KARS Holdings As of 2024-02-15 | |
Company Name | % of Net Assets |
APTIV PLC | 4.43 |
NIDEC CORP | 4.4 |
CONTEMPORARY A-A | 4.09 |
PANASONIC HOLDINGS CORP | 3.93 |
TESLA INC | 3.89 |
SAMSUNG SDI CO LTD | 3.56 |
BYD CO LTD -A | 3.48 |
LI AUTO INC-CLASS A | 3.41 |
RIVIAN AUTOMOTIVE INC-A | 2.92 |
MAGNA INTERNATIONAL INC | 2.91 |
ECOPRO BM CO LTD | 2.88 |
PILBARA MINERALS LTD | 2.77 |
ALBEMARLE CORP | 2.64 |
POSCO FUTURE M CO LTD | 2.63 |
DR ING HC F PORSCHE AG | 2.53 |
Aptiv PLC (APTV) is the fund’s top holding, weighted at 4.43%. Aptiv generates most of its revenue from its Signal and Power Solutions segment, which creates complete vehicle electrical systems including wiring and cable assemblies. It also has a much faster growing segment called Advanced Safety and User Experience which provides advanced software, computing, and sensing systems for vehicles. We like this segment combination as it provides a stable and more goods-based source of revenue while also investing in software-based solutions that will contribute increasingly to revenue growth.
Nidec Corporation (OTCPK:NJDCY) is the “world’s number one comprehensive motor manufacturer”, building motors on the largest and tiniest scales. Automotive parts are a substantial segment of their business and have the fastest expected average sales growth rate of any of their segments at 29% per year from 2020 to 2025.

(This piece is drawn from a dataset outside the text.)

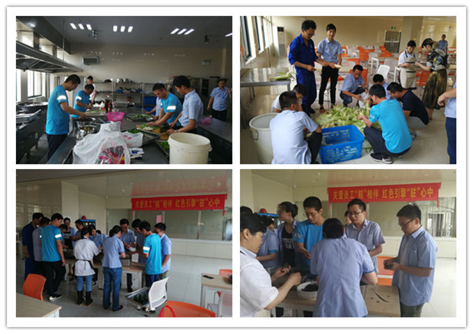 下午2:30,在壓(yā)縮公司總經理徐後勇宣布(bù)包粽子(zǐ)開始,活動拉開序幕,包粽子在食堂大廳有條不紊的(de)進行(háng)著,修建粽葉、包粽子、剪繩子(zǐ)、裝粽子(zǐ)……,像是車間流水(shuǐ)線,但是這裏充(chōng)滿了大家(jiā)的(de)歡笑聲和討論(lùn)聲。此時,廚房間也忙成一片,洗菜、切菜、配菜、配料、燒菜……,不是專業卻勝(shèng)似專(zhuān)業(yè),桌上一盤盤的熱菜——紅(hóng)燒排骨、紅燒肉、木耳肉片、家常小炒(chǎo)、涼拌黃瓜、土豆牛肉……,看者目(mù)不暇接,聽(tīng)著垂(chuí)涎欲滴!大(dà)家甚至忘了廚房間的溫度,忙著交流燒菜的心得,廚房間充滿著熱氣、笑聲、溫度,其樂融融。

Risks of Investing in KARS
Investing in a fund with a large allocation to China can be worrisome due to the uncertain political environment, and the government’s ability to influence winners in losers in the economy. However, China is very committed to transitioning their economy to run on electric vehicles, and we see them being overall supportive of the industry.
And, with a fund like KARS, its low exposure to technology will cause it to underperform when the sector does well, as we have seen recently. This is especially true when the fund’s allocation to Magnificent 7 companies is only 3.8%, compared to 15.8% for DRIV and 23.1% for CARZ.
We envision the returns of the fund will pick up once the consumer starts to feel better about the economy. A big sign of this will be CPI coming in lower than expected as inflation has done a lot of damage to the consumer. Also, lower inflation figures will allow the Fed to drop rates, lowering financing costs for vehicle purchasers. We will be watching the CPI and consumer sentiment figures as we continue to monitor this fund.
Conclusion
We like KARS as an EV ETF, due to its high forecasted earnings growth compared to peers and differentiated country and sector allocation that lines up with the reality of the EV market. However, near-term concerns about the economy and the EV market generally are reason for pause. Based on this, KARS is rated a hold for now.